── SOURCE MATERIAL ──
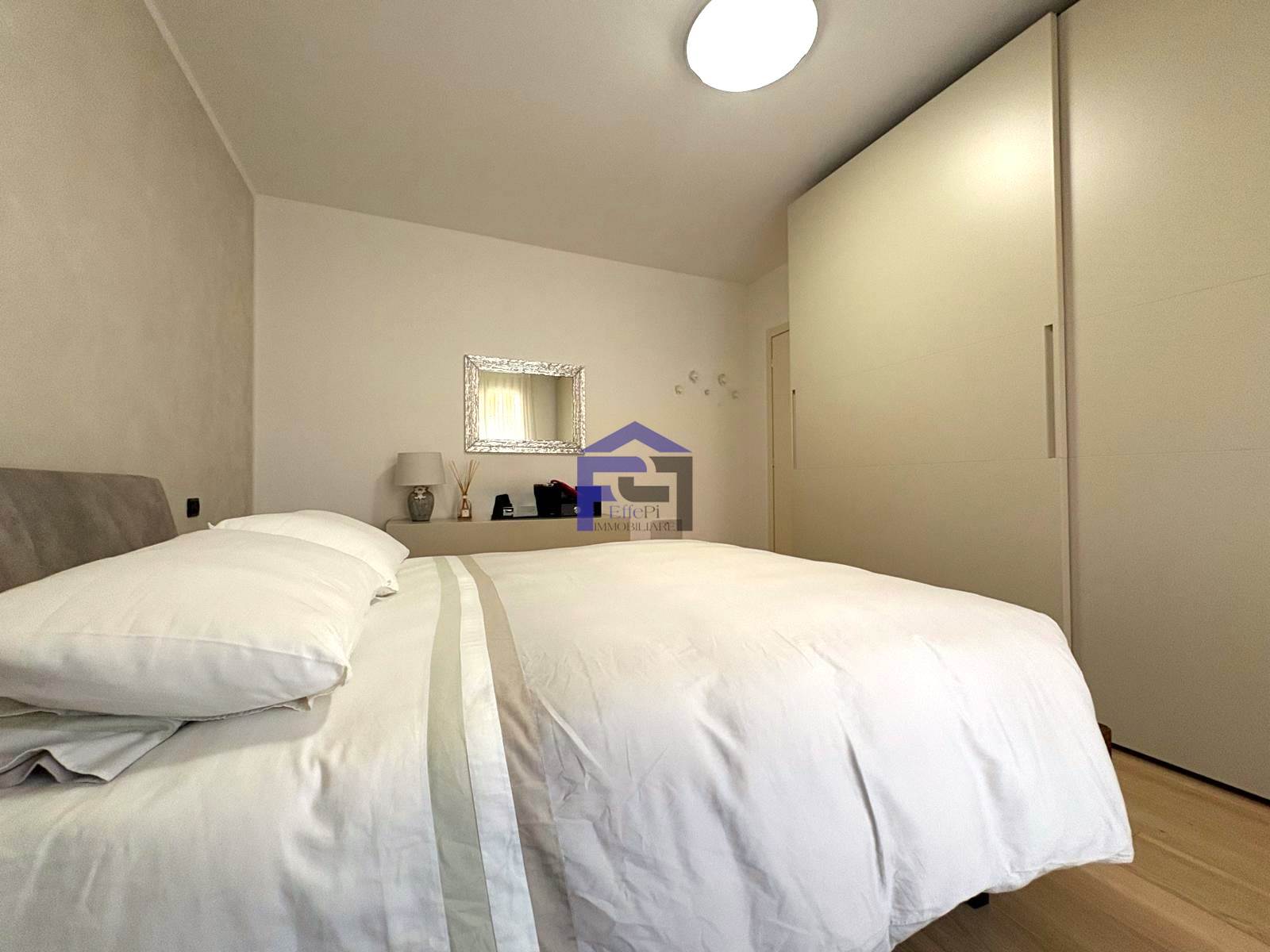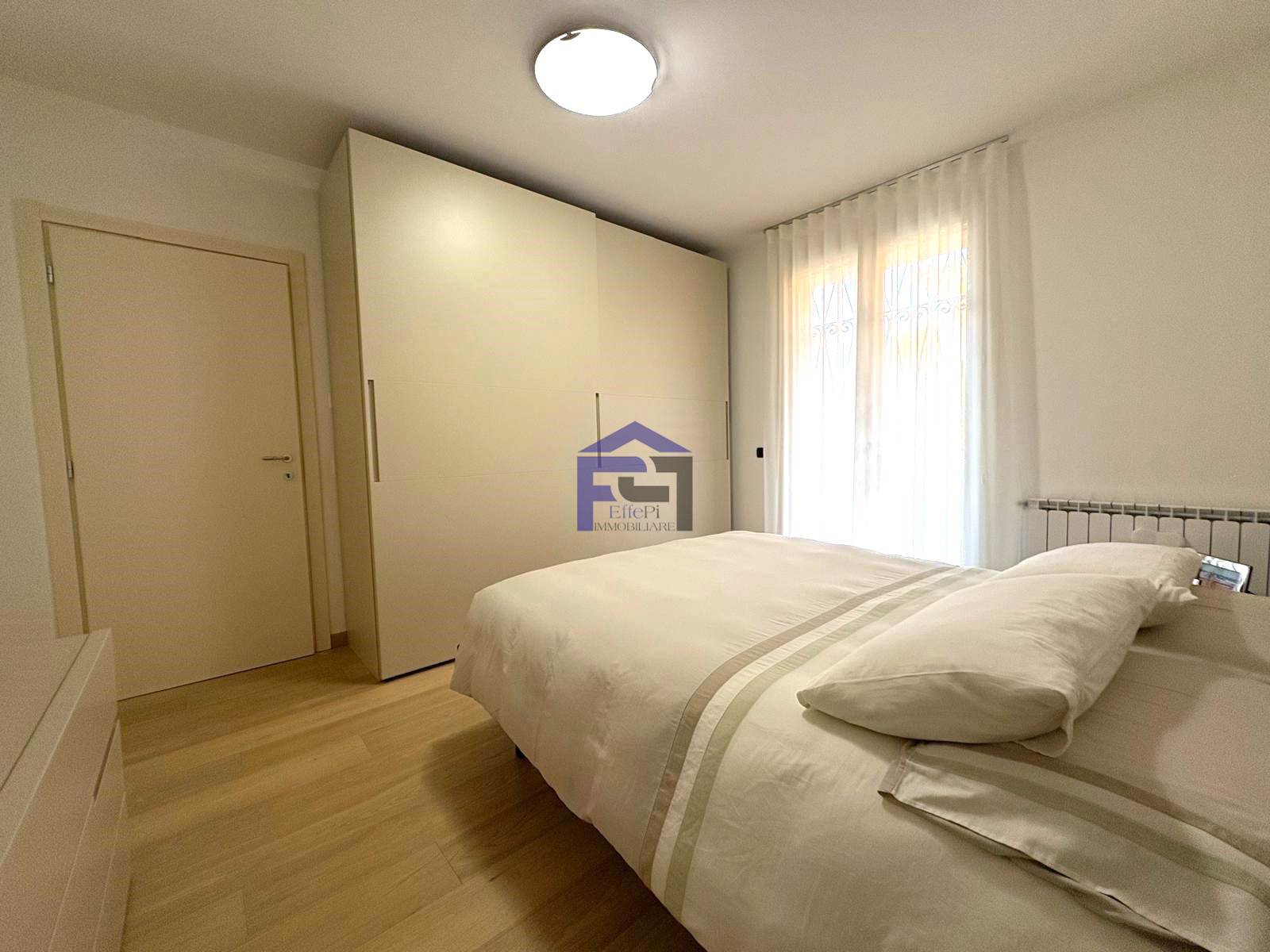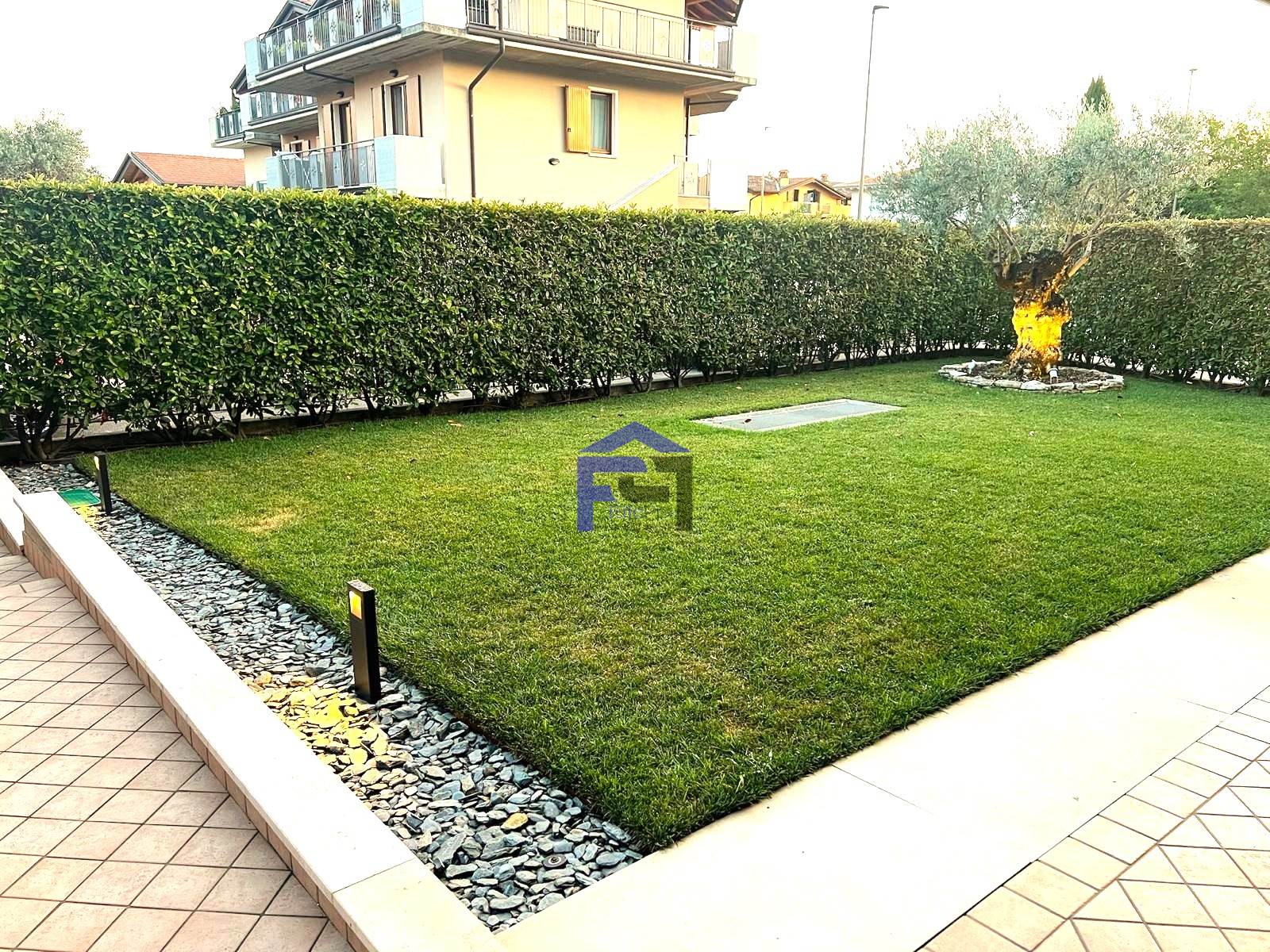 Elegante trilocale in villetta in pregevole zona residenziale al piano terra con ingresso indipendente e giardino privato impreziosito da una pianta di ulivo piantumato su terrapieno. Confortevole soggiorno/cucina, n. 2 camere da letto e bagno. Accessibile dalla zona notte l'appartamento è dotato inoltre di area esterna piastrellata ad uso esclusivo. Al piano interrato, collegato da scala interna, è presente un locale accessorio dotato di lavanderia. Completa la proprietà un box doppio in larghezza.
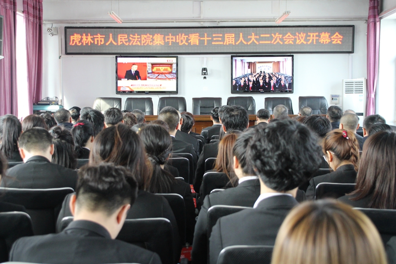 2019年3月5日上午9时,第十三届全国人民代表大会第二次会议在全国人民大会堂举行开幕会。虎林市法院党组书记、院长沙云凯带领全体干警在六楼会议室集中收看了“两会”盛况。全体干警聆听了国务院总理李克强所作的《政府工作报告》,及时了解了“两会”内容。
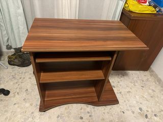 Escritorio de madera con estantes
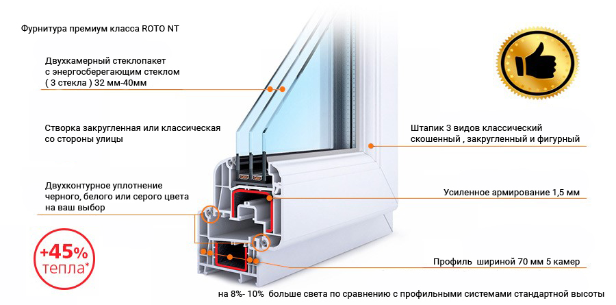 - 2х-камерный стеклопакет (3 стекла) с энергосберегающим стеклом
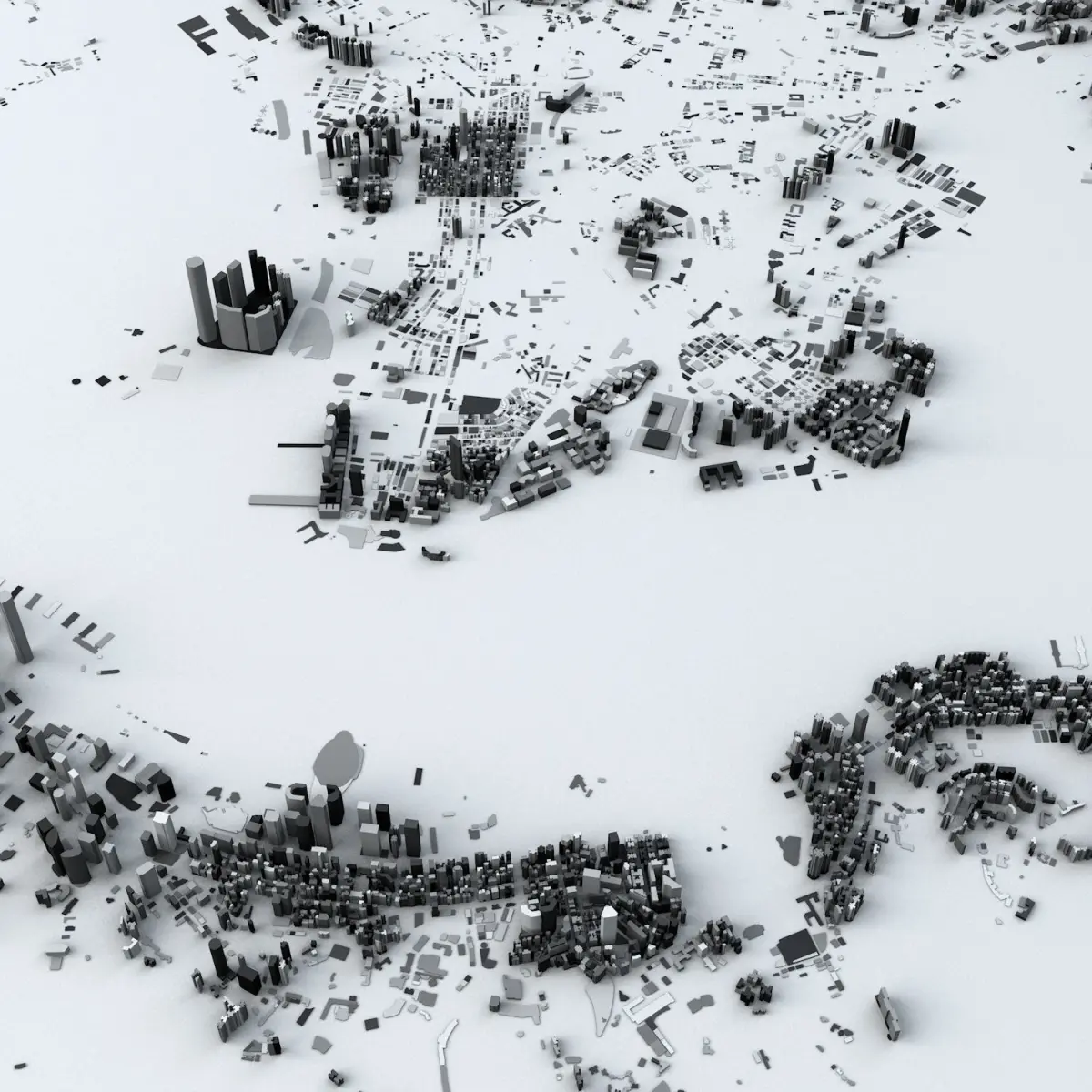 These models are designed to show and present the city/area in the title in a minimalistic concept. They show a close to exact streets and buildings alignments and building heights (excluding parts where there is no or insufficient data to build 3d geometry) therefore they can be used for many purposes but they are not designed to build ie. high precision urbanscape.
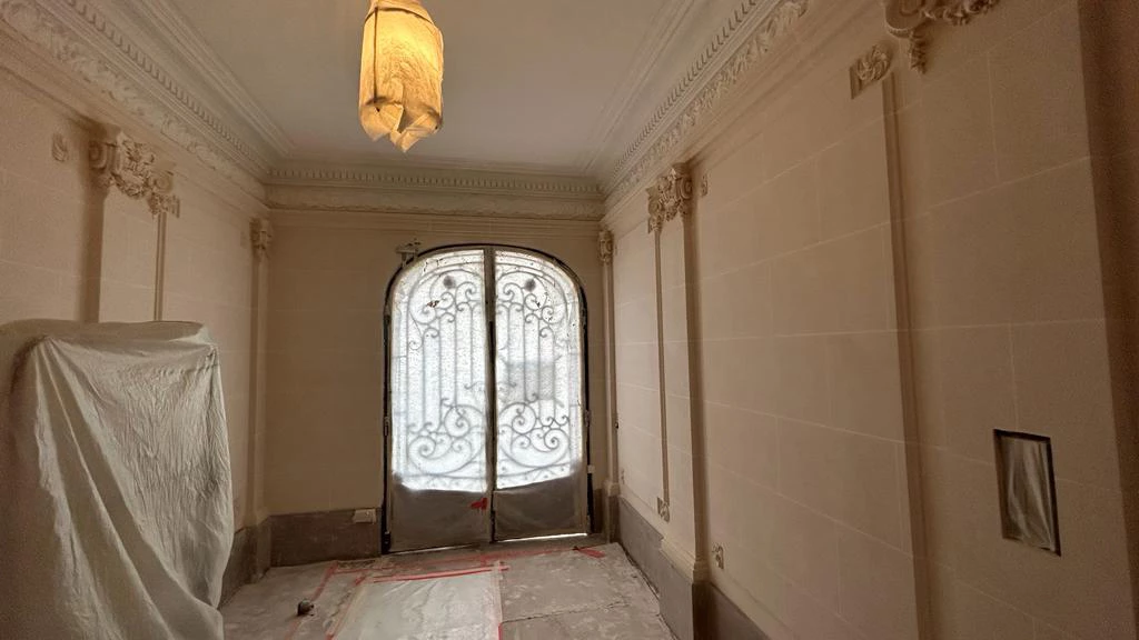 This project, located on Boulevard du Montparnasse, illustrates an interior restoration carried out with respect for the original architecture. The stone stucco decorations were carefully recreated in order to restore the full effect of the volumes: wall panels punctuated by pilasters, finely sculpted cornices and decorative frames structure the space with balance and sobriety.
───
§ ABOUT THIS TASK
All pictures should be dropped; the lines from the one containing "These models are" through the last line of the material are to be set down exactly.

§ SOLVED EXERCISE
 These models are designed to show and present the city/area in the title in a minimalistic concept. They show a close to exact streets and buildings alignments and building heights (excluding parts where there is no or insufficient data to build 3d geometry) therefore they can be used for many purposes but they are not designed to build ie. high precision urbanscape.
 This project, located on Boulevard du Montparnasse, illustrates an interior restoration carried out with respect for the original architecture. The stone stucco decorations were carefully recreated in order to restore the full effect of the volumes: wall panels punctuated by pilasters, finely sculpted cornices and decorative frames structure the space with balance and sobriety.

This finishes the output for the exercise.